## PROBLEM TO WORK ON
Transcribe exactly the lines from the first line of the records through the line containing "5月5日,嘉宾出席在哈萨克斯坦阿克套举行的里海沥青厂扩能升级改造项目投产仪式。", and leave out every picture.
##### DATA FOR THE TASK #####
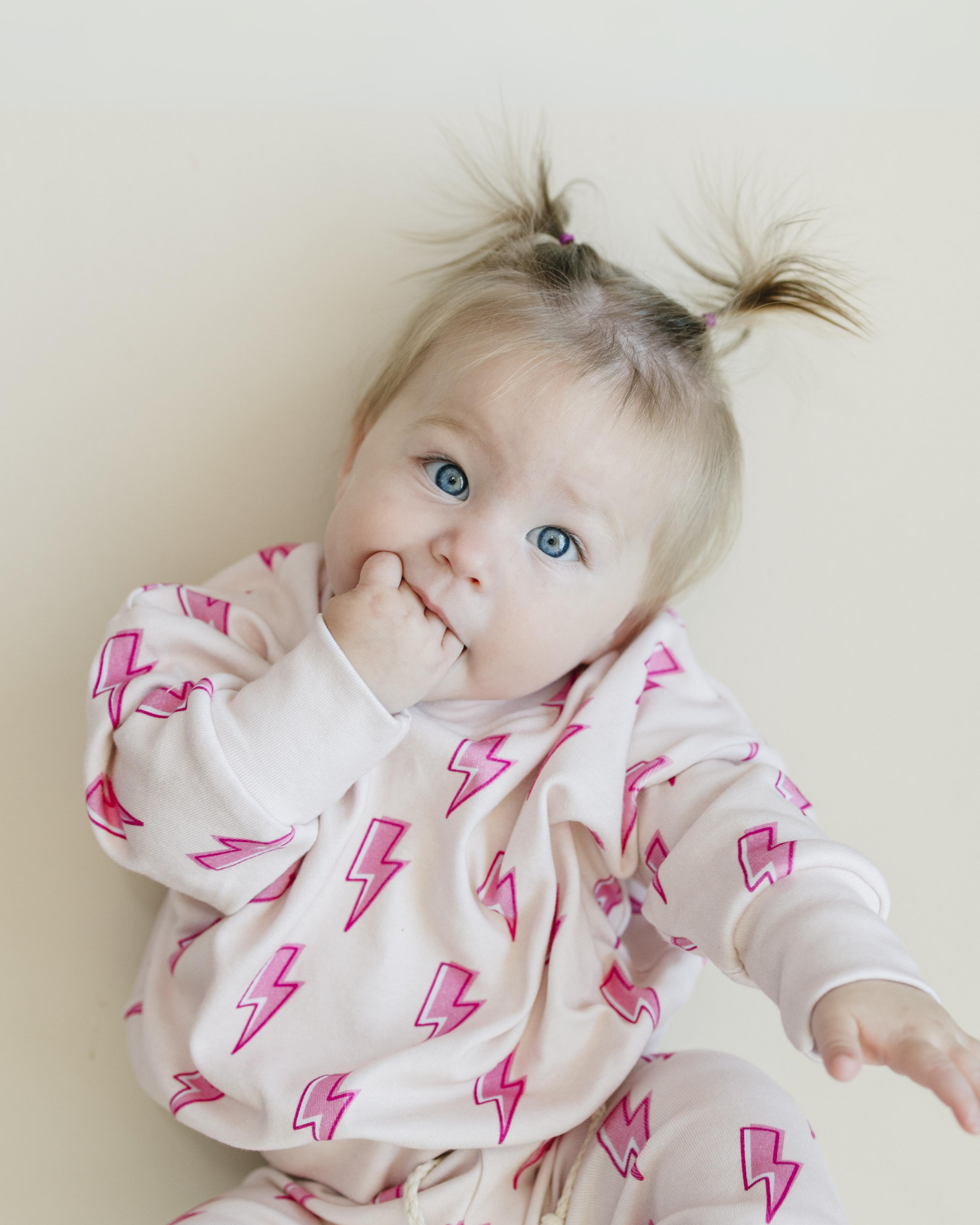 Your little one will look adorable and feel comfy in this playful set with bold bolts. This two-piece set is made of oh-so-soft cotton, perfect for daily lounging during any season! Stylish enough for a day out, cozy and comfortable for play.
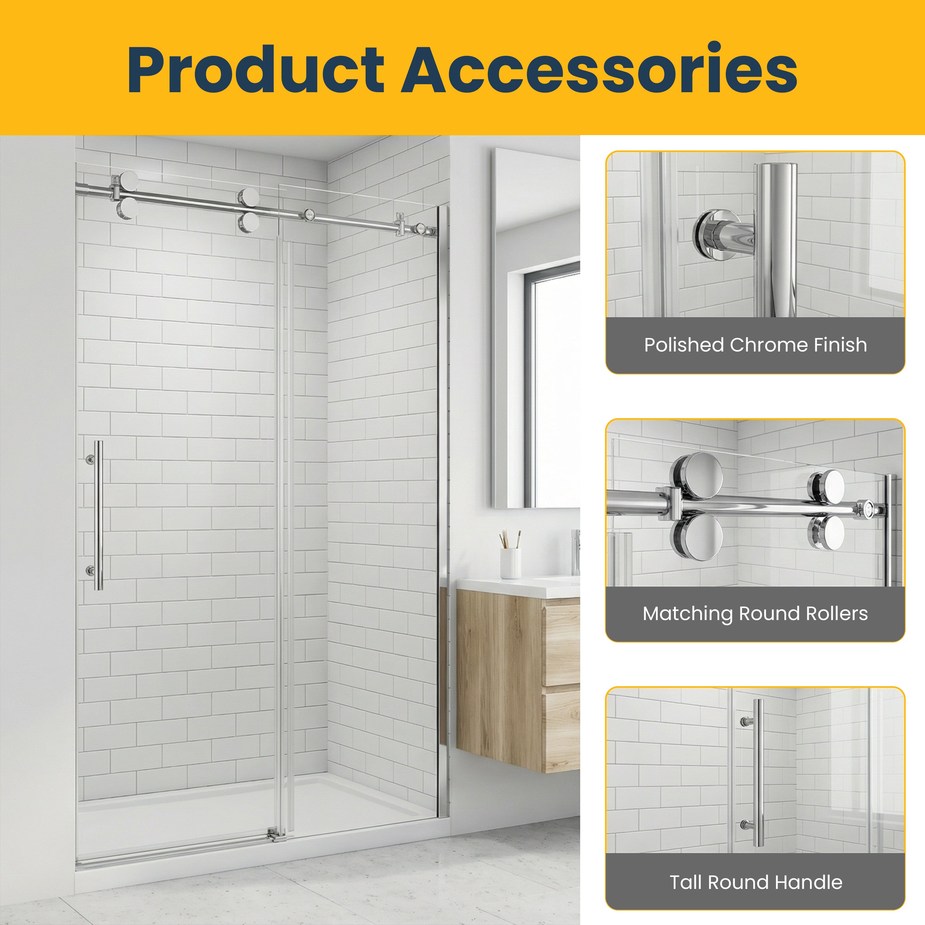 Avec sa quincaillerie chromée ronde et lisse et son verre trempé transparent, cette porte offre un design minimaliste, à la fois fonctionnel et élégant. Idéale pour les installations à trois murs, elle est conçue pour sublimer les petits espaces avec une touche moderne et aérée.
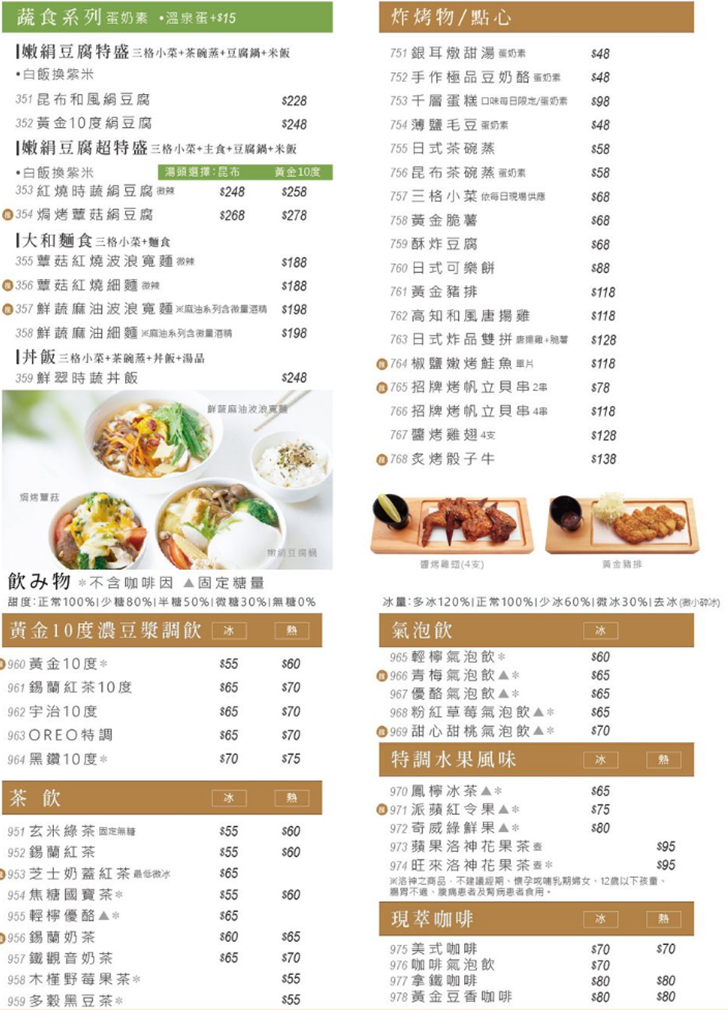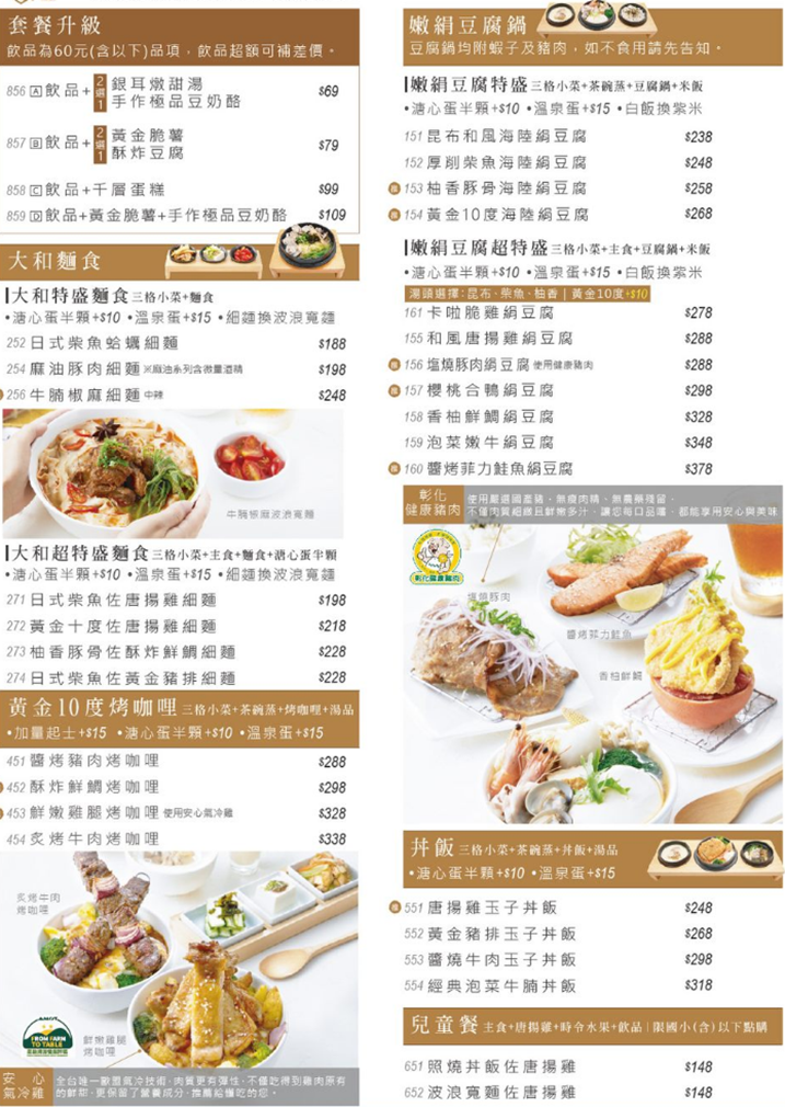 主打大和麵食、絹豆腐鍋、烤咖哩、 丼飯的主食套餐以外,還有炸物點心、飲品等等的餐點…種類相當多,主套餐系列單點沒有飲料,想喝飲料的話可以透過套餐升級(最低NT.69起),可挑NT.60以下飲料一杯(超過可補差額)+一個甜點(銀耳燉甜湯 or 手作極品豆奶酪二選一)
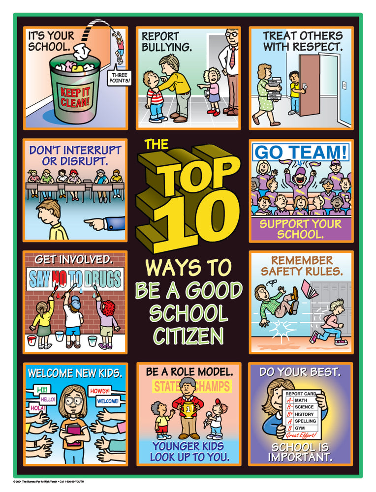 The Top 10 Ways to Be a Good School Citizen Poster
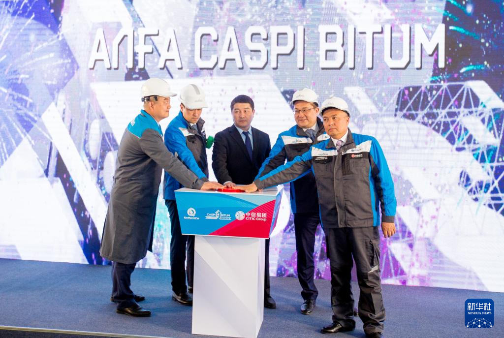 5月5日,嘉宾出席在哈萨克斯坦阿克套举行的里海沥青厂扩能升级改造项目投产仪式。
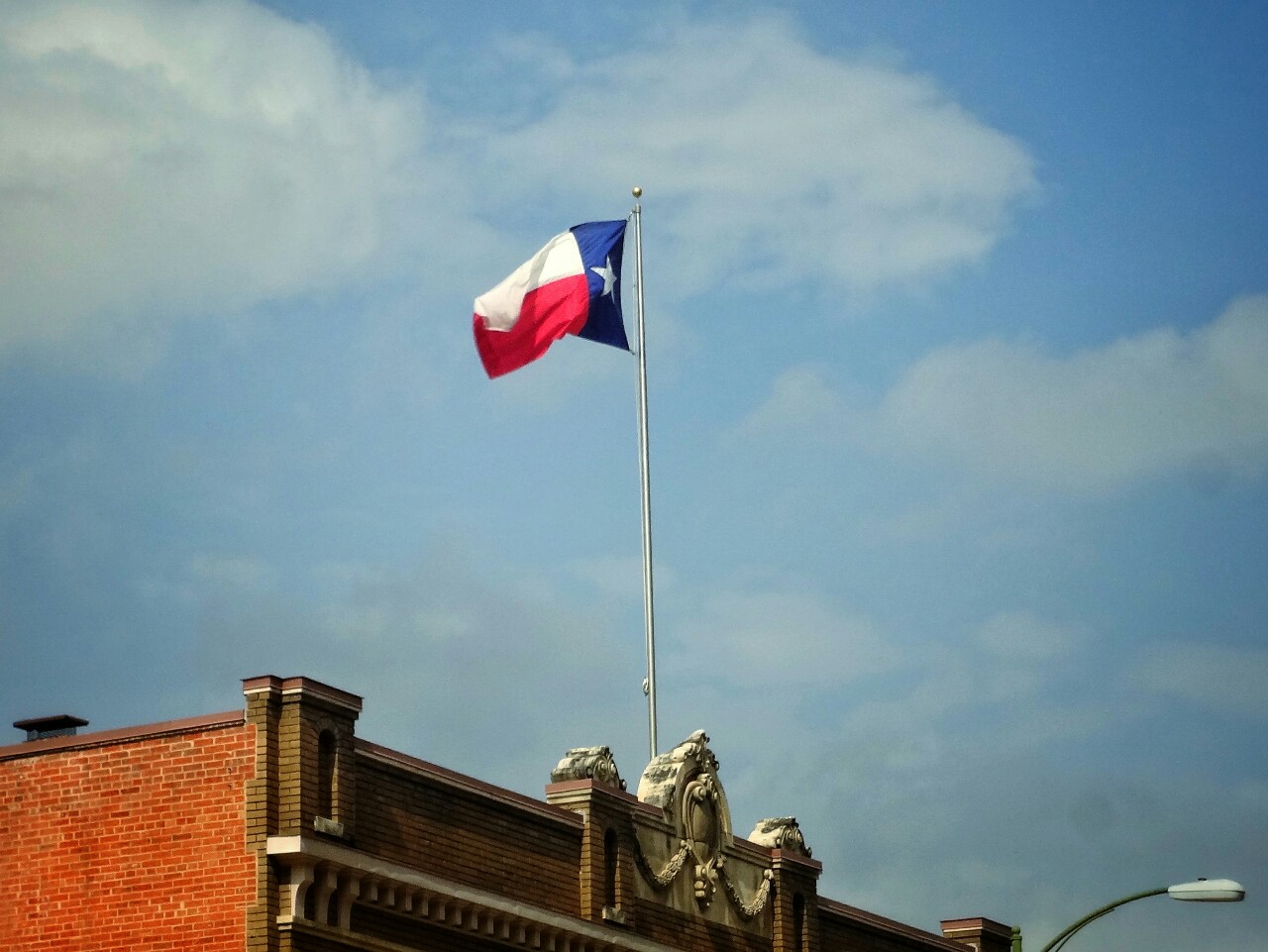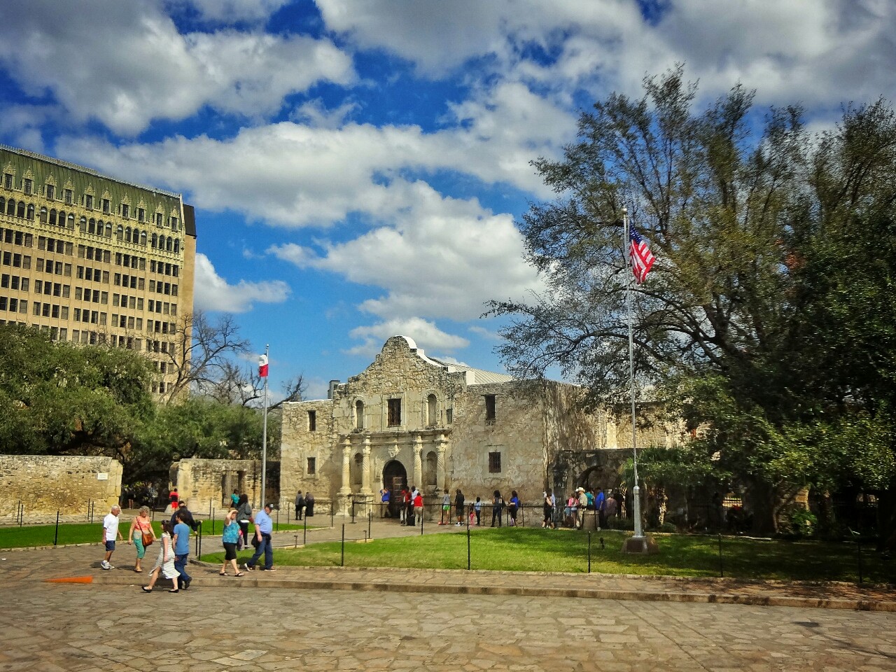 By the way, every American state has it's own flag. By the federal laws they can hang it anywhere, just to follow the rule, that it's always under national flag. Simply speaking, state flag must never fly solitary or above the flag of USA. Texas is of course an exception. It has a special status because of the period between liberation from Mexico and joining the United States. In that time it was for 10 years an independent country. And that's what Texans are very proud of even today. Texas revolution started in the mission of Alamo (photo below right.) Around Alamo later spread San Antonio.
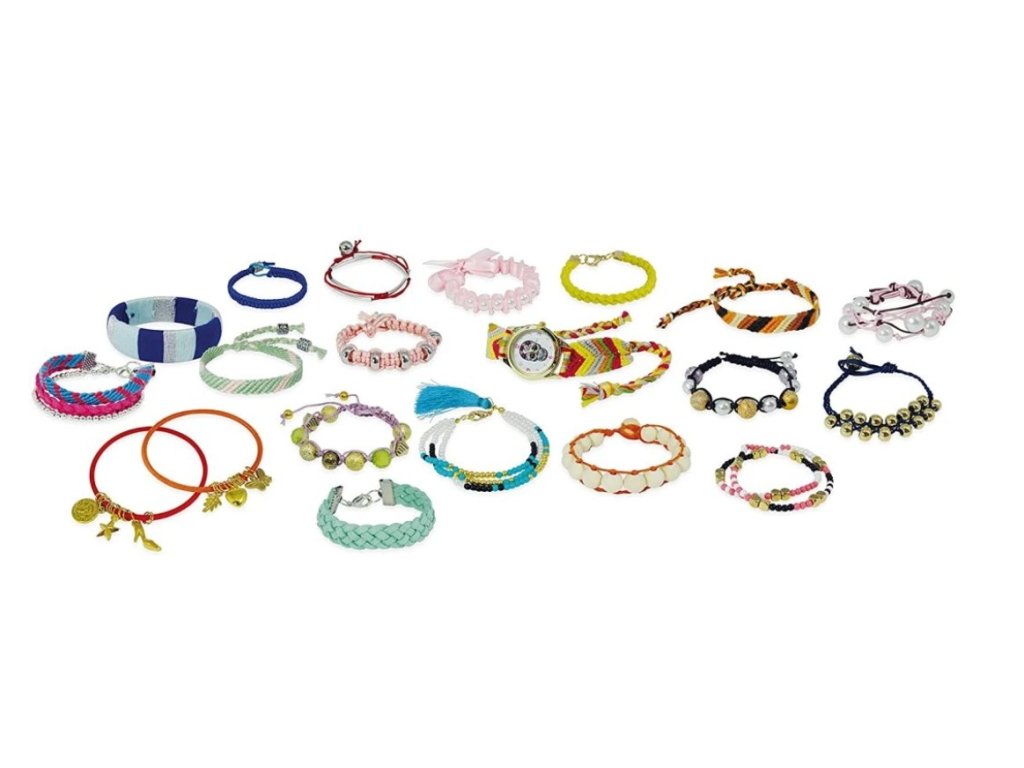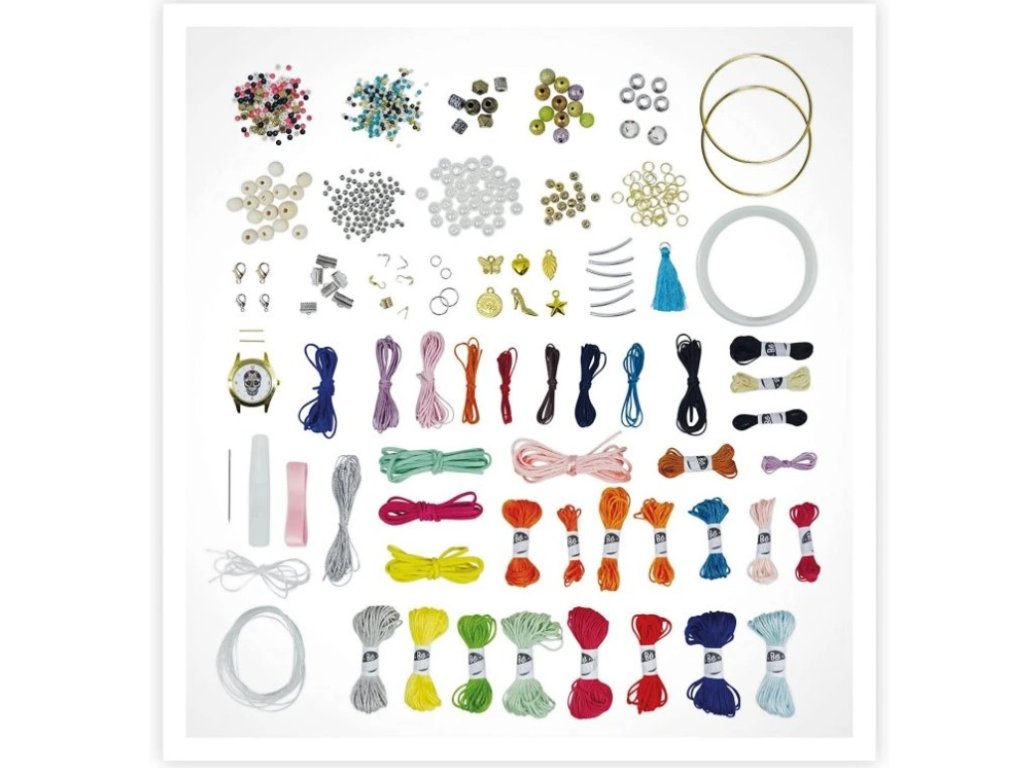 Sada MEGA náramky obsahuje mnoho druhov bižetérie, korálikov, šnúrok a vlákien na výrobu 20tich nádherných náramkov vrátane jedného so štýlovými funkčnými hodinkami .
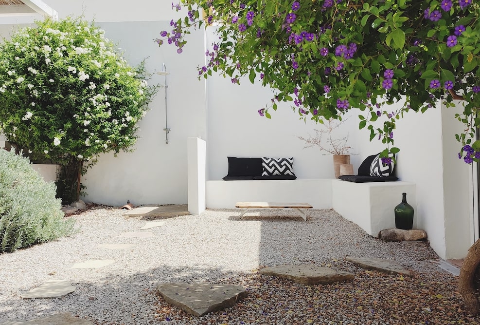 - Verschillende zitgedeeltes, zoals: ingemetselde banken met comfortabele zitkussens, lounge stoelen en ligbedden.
#####
## WRITTEN SOLUTION
 Your little one will look adorable and feel comfy in this playful set with bold bolts. This two-piece set is made of oh-so-soft cotton, perfect for daily lounging during any season! Stylish enough for a day out, cozy and comfortable for play.
 Avec sa quincaillerie chromée ronde et lisse et son verre trempé transparent, cette porte offre un design minimaliste, à la fois fonctionnel et élégant. Idéale pour les installations à trois murs, elle est conçue pour sublimer les petits espaces avec une touche moderne et aérée.
 主打大和麵食、絹豆腐鍋、烤咖哩、 丼飯的主食套餐以外,還有炸物點心、飲品等等的餐點…種類相當多,主套餐系列單點沒有飲料,想喝飲料的話可以透過套餐升級(最低NT.69起),可挑NT.60以下飲料一杯(超過可補差額)+一個甜點(銀耳燉甜湯 or 手作極品豆奶酪二選一)
 The Top 10 Ways to Be a Good School Citizen Poster
 5月5日,嘉宾出席在哈萨克斯坦阿克套举行的里海沥青厂扩能升级改造项目投产仪式。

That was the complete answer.